The slogan “Blood and Honour” dates from the time of National Socialism in Germany, and was engraved on the knives of Hitler Youth. The symbol of the network, B&H, resembles a triskelion. The number code 28 is prevalent. It symbolizes the 2nd and 8th letter of the alphabet and stands for Blood and Honour. Nowadays B&H organizes concerts in a number of countries, produces CDs and DVDs and publishes a magazine. In the early 1990s, a German offshoot was established, but was prohibited in 2000.

In 1998, the trio of Böhnhardt, Mundlos and Zschäpe were part of this network and the environment surrounding it. Investigators at the Thuringian State Office of Criminal Investigations said the three belonged to the “hard core” of Blood and Honour.

“Ali Bastard, we hate you”
In January 1998, investigators searched the flats and garages of Böhnhardt, Mundlos and Zschäpe. At that time they were suspected of involvement in sending dummy letter bombs. In the raid, pipe bombs (1.4 kg of TNT), propaganda material, weapons and computer media were confiscated. On a floppy disk, the police found a “poem”, possibly written by Uwe Mundlos.
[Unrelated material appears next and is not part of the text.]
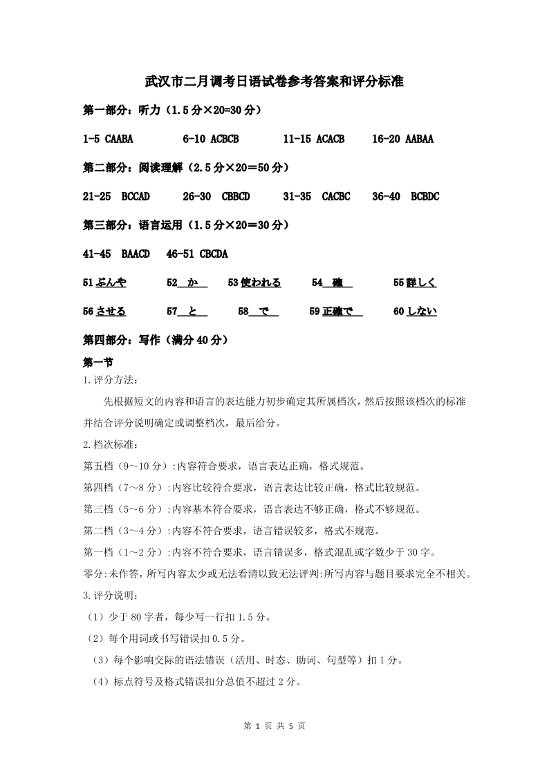 湖北省武汉市2024-2025学年下学期高中毕业生二月调研考试日语答案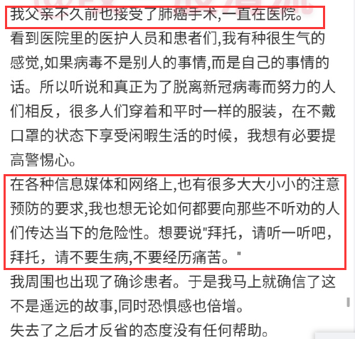 他再次表示自己是因为担忧由于春天到来,大家对疫情情况有所松懈,再加上父亲患了肺癌,而对生命更加珍视,所以想要用这种方式提醒大家。

The poem read: “Ali Bastard, we hate you! […] Those who say that this is too mean should see the Turkish swine! He raids, robs and is obnoxious, yet today he is gonna die – what a shame!” (“Ali Drecksau, wir hassen dich. […] Wer sagt das wäre zu gemein – der soll es sehen das Türkenschwein! Er plündert, raubt und wird dann frech, doch heut noch stirbt er – ‘so ein Pech’).

While police were carried out their investigation, the three became fugitives.

There are indications that other participants in the German neo-Nazi scene may have been aware of the NSU’s existence. In 2002, the introductory page of a neo-Nazi magazine contained the sentences: “Many thanks to the NSU, it came to fruition. The struggle goes on.” In May 2012, having discovered this 10-year-old reference to the NSU, police searched the flat of a state parliament representative from the far-right National Democratic Party of Germany. The investigators found an NSU leaflet that they recognized  from a file stored on one of the suspects’ computers. Until this discovery, no evidence had surfaced that the leaflet had ever been distributed or sent to anyone. It is now known that the NSU sent this handbill with a donation to the makers of the neo-Nazi magazine. Also suggestive of outside supporters is the song “Döner-Killer” by a German neo-Nazi band, released in 2010. Its lyrics include the line: “He already did it nine times / The SoKo Bosporus sounds the alarm / The investigators are hyped up / A bloody trace and nobody can stop the phantom” (Neun mal hat er es jetzt schon getan. Die SoKo Bosporus, sie schlägt Alarm. Die Ermittler stehen unter Strom. Eine blutige Spur und keiner stoppt das Phantom). And further: “He already killed brutally nine times, but the urge to kill can’t be satisfied” (Neun mal hat er bisher brutal gekillt, doch die Lust am Töten ist noch nicht gestillt).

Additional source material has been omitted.